Doug Dunham and Lisa Shier
Our goal is to design aesthetic patterns on hyperbolic surfaces such
as the Poincaré circle model or on surfaces of polyhedra. One set of
polyhedra that we have considered are triply periodic polyhedra in
Euclidean 3-space. The most regular ones are transitive on vertices,
edges, and faces, and are often called skew apeirohedra. H.S.M.
Coxeter and John Flinders Petrie proved that there are exactly three
of these: {4,6|4}, {6,4|4}, and {6,6|3}, where {p,q|r} is composed of
regular p-sided polygons meeting q at a vertex and with regular
r-sided polygonal holes. We use the {6,6|3} for this patterned
polyhedron. It is composed of invisible regular tetrahedral "hubs''
connected by "struts'' which are truncated tetrahedra.

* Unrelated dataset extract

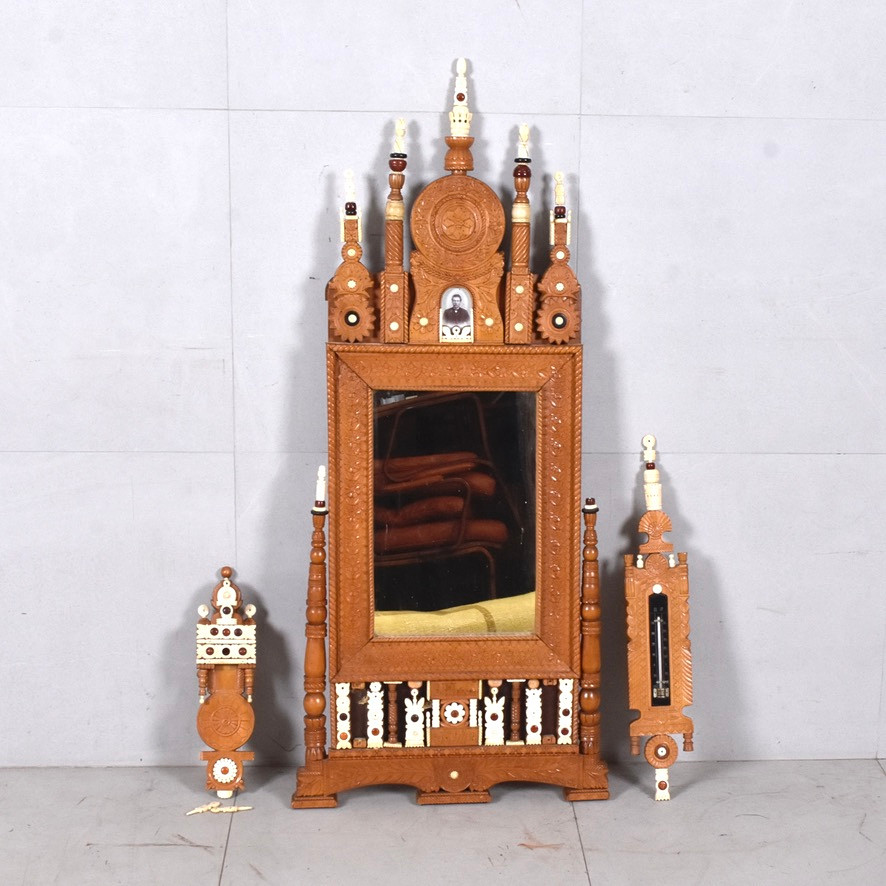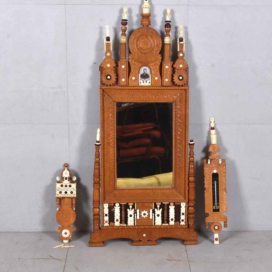 4501871. VÆGSPEJL; BAROMETER OG VÆGHYLDE.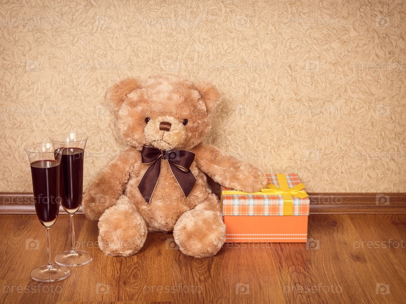 Мягкая игрушка, подарочная коробка и бокалы вина

This is a fish pattern in the style of M.C. Escher on part of the
regular triply periodic polyhedron {6,6|3}. Last year we designed
a "proof of concept" hand-drawn version. The current polyhedron is
a "production" version made with a computer-controlled
cutter/plotter and solid color paper. The 463 pieces were
hand-glued together. The polyhedron has six families of embedded
parallel lines going through the centers of the hexagon faces. The
Escher-like fish swim with their backbones along those lines such
that the fish on each family of parallel lines are all of the same
color. On each face there are "full fish" of three colors, with
overlapping fins of fins of the other three colors. The patterned
polyhedron has perfect 6-color symmetry.